I wasn’t planning on reading Mr. Mercedes this year. It just sort of happened. And by “it just sort of happened,” I mean that I was looking for audiobooks to feed my audiobook addiction, and saw this was available and then clicked “download,” even though I knew it wasn’t on my list and I would be using it as one of my twenty-five freebies, because I just can’t resist free candy, dammit. I can’t really say I regretted it, though. The universe seems to have rewarded my bad behavior with an enjoyable story. This kind of thing always happens to me. It’s why I never learn my lesson.
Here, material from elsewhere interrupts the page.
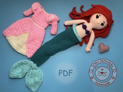 With yarn length 150m/50g this doll is about 30 cm high. This doll is a dress-up doll.

I will admit up front that I haven’t read as many Stephen King books as I would like, but I have read a lot of thrillers and detective stories and crime books and junk like that, and if Stephen King wants to jump into that genre and swim around for awhile and books like this are what happens, then who am I to complain. Nothing about Mr. Mercedes is revolutionary or even all that surprising, but what is there is competent in the best way possible. I feel like competent is an underhanded compliment, but I mean it genuinely. Sometimes you just want something simple and expected.
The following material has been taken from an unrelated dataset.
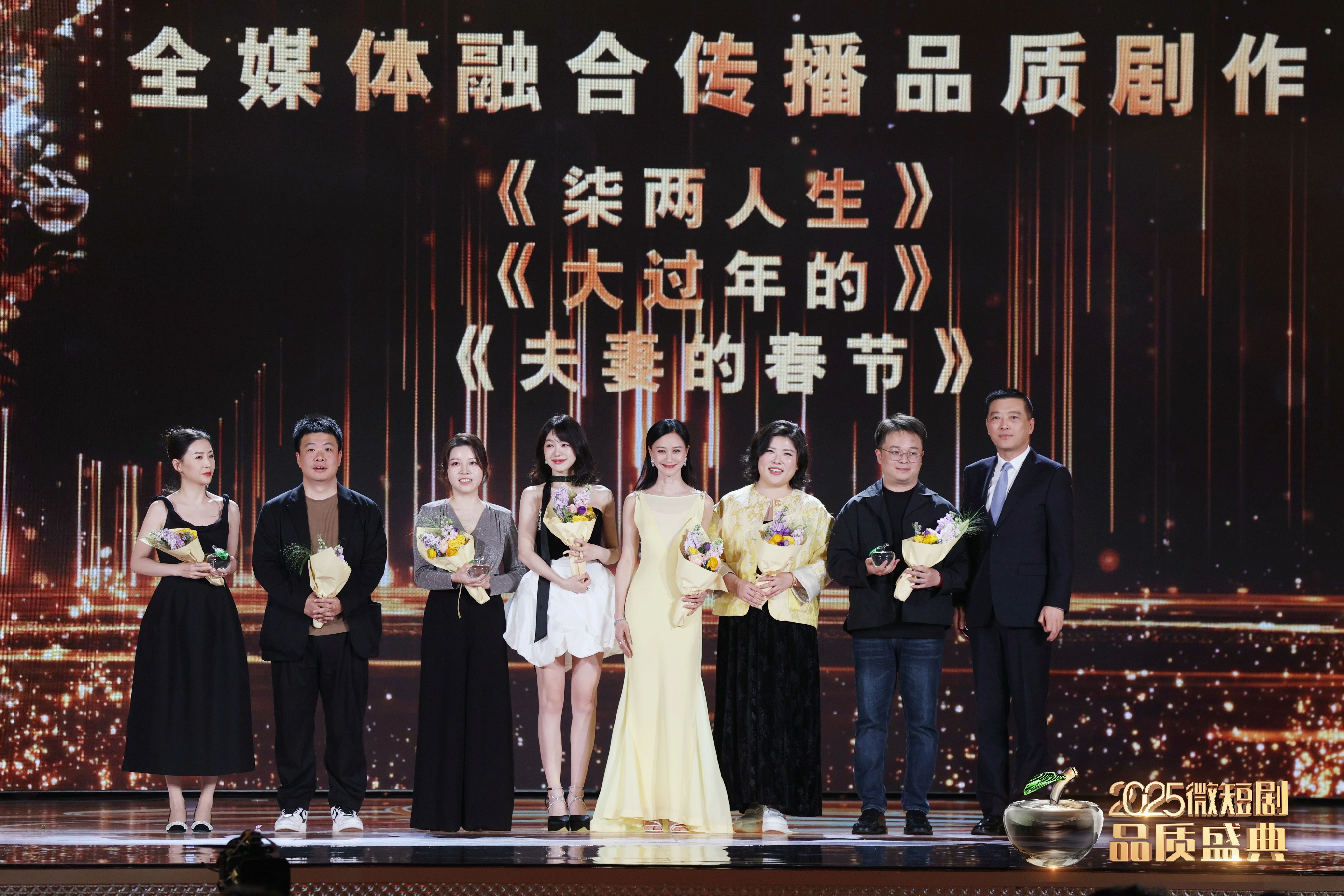 近年来,随着微短剧业态兴起,越来越多的创作者通过微短剧的形式反映现实生活,在家庭、情感、都市等多元化题材中融入社会热点和人文关怀,涌现出一批品质作品。越来越多的微短剧走出国门,成为席卷全球的新兴文化潮流,向全球观众展示中国的文化魅力,展现出作为新质生产力的澎湃动能。盛典上,以上海广播电视台、国家广播电视总局广播电视规划院、中国网络视听协会联合发布的“品质微短剧融合传播指数”为主要依据,《夫妻的春节》《柒两人生》《大过年的》脱颖而出,喜获“全媒体融合传播品质剧作”。这些作品不仅赢得了广大观众的热烈反响与广泛好评,还引领了行业的创作潮流,成为衡量微短剧品质的新标杆。

The book opens with an unknown assailant driving a stolen Mercedes-Benz into a crowd of people waiting for a job fair. This is 2009, right after the recession, so there’s a lot of people there to target. Among the dead is a woman and her baby, who had been huddled in the cold in a sleeping bag. The killer is never caught. Fast forward six months to a year. The lead cop on the case is now retired and not handling it well. He’s even thinking of committing suicide because he’s feeling so useless and depressed. And then he gets a letter–and actual print letter–from Mr. Mercedes himself, and things heat up from there. This is not a mystery book, though. Immediately after we meet Ret. Det. Kermit “Bill” Hodges, we also meet Brady Hartsfield, Mr. Mercedes himself. He has reached out to Hodges because he’s bored and he hopes he can get the “fat ex-cop” to kill himself, just like he got the woman who owned the stolen Mercedes to kill herself. From there, the book speeds forward on parallel tracks. We watch as the two men circle around each other, and ultimately head towards a violent ending, for multiple parties.
I’ve read a lot of reviews of this who say there are a lot of plot holes, or who think Hodges relationships with some of the secondary characters were unbelievable, but none of that bothered me. I liked Hodges. I liked that he was a lonely old man who’d lost his purpose in life and was finding it again in work and in relationships with new people. I liked the people he met, and I don’t think any of those relationships were unbelievable, or that Hodges attaches too much important to them. Seeing into Brady’s mind was fascinating, especially watching as he reacted like the mouse to Hodges’ cat, and seeing how he got to be the way he is. I also didn’t see any plot holes, although I guess I’m historically bad at noticing those anyway. I’m good at suspending disbelief. The only thing that did niggle me a little bit was that Hodges didn’t acknowledge enough for my liking that his keeping the case and information away from the cops was ultimately more destructive than it was helpful.
All in all, very entertaining, and the audiobook was good as well. Will definitely be reading #2 when it comes out later this year.